Kubernetes Service package reconciliation deadlock after using pull/push for service bundles in an air-gapped environment
search cancel

Kubernetes Service package reconciliation deadlock after using pull/push for service bundles in an air-gapped environment

book

Article ID: 437632

calendar_today

Updated On:

Products

VMware vSphere Kubernetes Service

Issue/Introduction

In air-gapped VMware Cloud Foundation or vSphere environments, upgrading the vSphere Kubernetes Service may result in a permanent reconciliation deadlock. This occurs if the service bundles were relocated to a private registry using docker pull/push or imgpkg pull/push instead of the recursive imgpkg copy method.

Symptoms include:

  • The svc-tkg Supervisor Service remains in a "Reconciling" or "Degraded" state indefinitely.

  • Sub-packages fail to pull images, referencing public registry URLs (e.g., projects.registry.vmware.com) despite the environment being isolated.

  • The kapp-controller fails to process corrected configuration changes even after the image registry paths are remediated.

Environment

  • VMware Cloud Foundation

  • vSphere Kubernetes Service 

  • Air-gapped / Disconnected deployments

Cause

This issue is caused by the kapp-controller reconciliation prioritization. When a PackageInstall specification is not modified (e.g., the version remains the same), the controller marks it as a "no-op". In an air-gapped environment where sub-packages contain stale public registry references, these "no-op" reconciliation attempts fail. Because the controller prioritizes these tasks in its first reconciliation batch, the updated Package data (containing the fix) is never processed, resulting in an infinite loop.

Resolution

To resolve this deadlock condition, the execution engine must be forced to evaluate the child components via metadata modifications or by using the integrated platform management script.

Manual Patching Procedures (For deployments prior to vCenter Server 8.0 U3j)

  1. Execute the following command to stop the current reconciliation attempts:

    kubectl patch pkgi/svc-tkg.vsphere.vmware.com \
    --namespace vmware-system-supervisor-services \
    --type='json' \
    --patch='[{"op": "add", "path": "/spec/paused", "value":true}]'
    
  2. Identify the <Domain Namespace> (e.g., svc-tkg-domain-c####) and apply a dummy label to all child packages to force a state change:

    kubectl patch pkgi -n <Domain Namespace> --type='merge' --patch '{"metadata":{"labels":{"fix-trigger":"true"}}}' tanzu-addons-manager
    kubectl patch pkgi -n <Domain Namespace> --type='merge' --patch '{"metadata":{"labels":{"fix-trigger":"true"}}}' tkg-controller
    # Repeat for all child packages: tanzu-cliplugins, tanzu-cluster-api, runtime-extension, tkr-service, etc.
    
  3. Unpause the parent PackageInstall:

    kubectl patch pkgi/svc-tkg.vsphere.vmware.com \
    --namespace vmware-system-supervisor-services \
    --type='json' \
    --patch='[{"op": "remove", "path": "/spec/paused"}]'
    
  4. Toggle the paused status of the App resource to trigger an immediate update:

    kubectl patch apps/svc-tkg.vsphere.vmware.com -n vmware-system-supervisor-services --type='json' -p='[{"op": "add", "path": "/spec/paused", "value":true}]'
    kubectl patch apps/svc-tkg.vsphere.vmware.com -n vmware-system-supervisor-services --type='json' -p='[{"op": "remove", "path": "/spec/paused"}]'
    
  5. Monitor the status until the DESCRIPTION field no longer shows "Reconciling":

    kubectl get app svc-tkg.vsphere.vmware.com -n vmware-system-supervisor-service

 

Utilizing the Native Override Utility (From vCenter Server 8.0U3j and later)

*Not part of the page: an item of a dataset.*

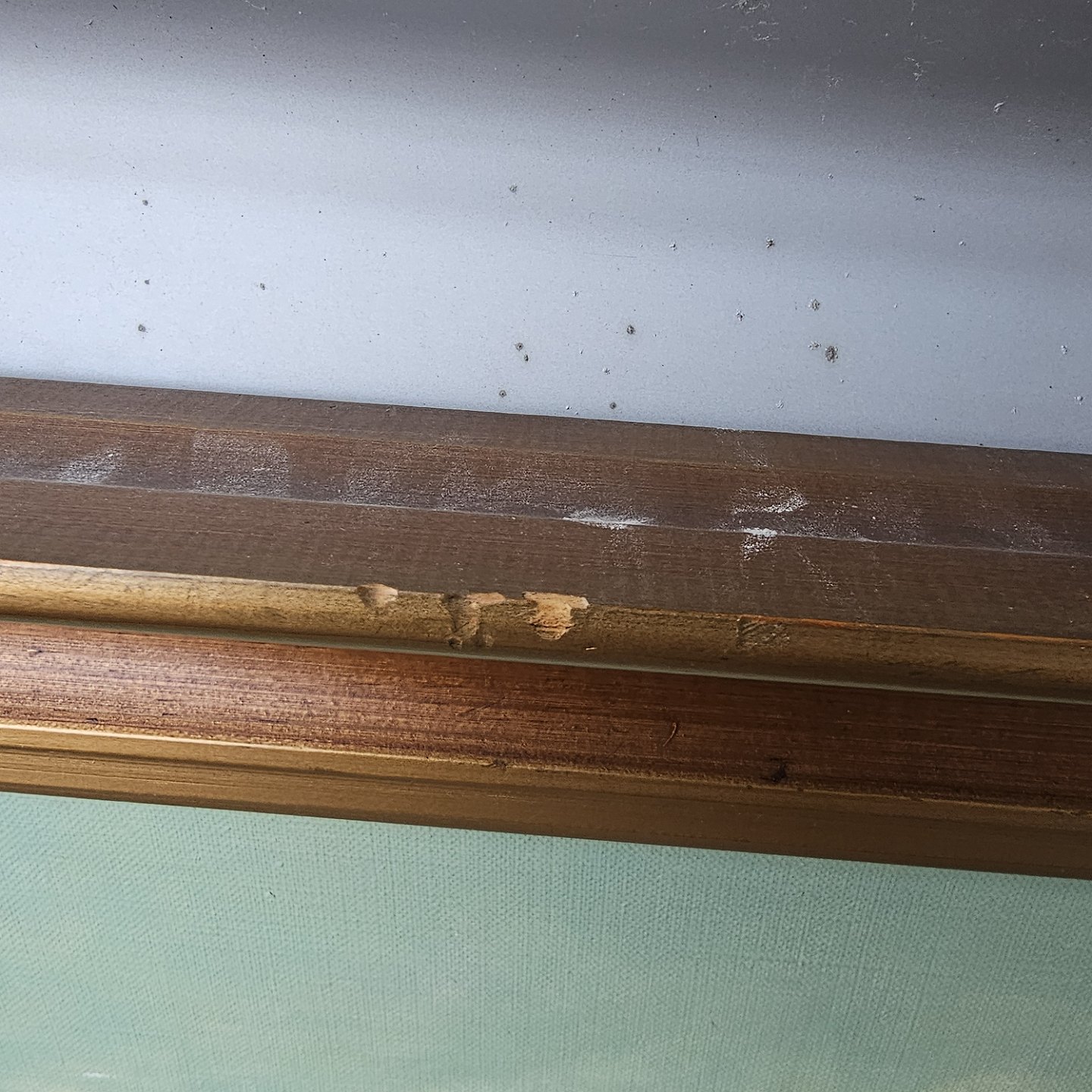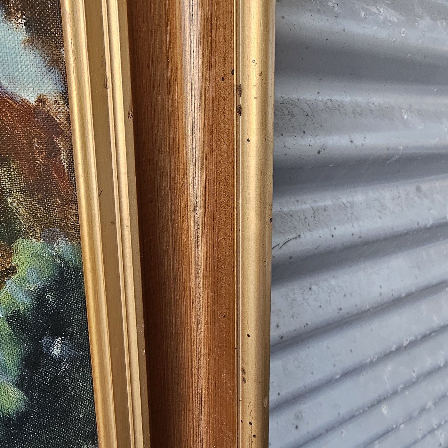 Oliemaleri på lærred med titlen Blokhus. Monteret i guldramme med motiv af landevejen til Blokhus

  1. Log into the Supervisor control plane console via an SSH session.

  2. Execute the integrated package override script to adjust the image reference endpoints:

/usr/lib/vmware-wcp/override-package-image.sh \
  -p "tkg.vsphere.vmware.com.3.5.1-embedded+v1.34" \
  -i "my-registry.example.com/tkg-svs/package/tkg-service:3.5.1"

The execution utility provides the following configuration parameters:

  • -p, --package-name: Package target identifier (e.g., tkg.vsphere.vmware.com.3.5.1-embedded+v1.34)

  • -i, --image: The corrected target registry URL destination

  • -n, --namespace: The target operational namespace (defaults to vmware-system-supervisor-services)

  • --dry-run: Validates and reflects changes visually without writing modifications

  • -h, --help: Displays the internal utility usage information

 

Additional Information

Always use imgpkg copy for air-gapped bundle relocation to ensure all nested image references are correctly updated to the target private registry.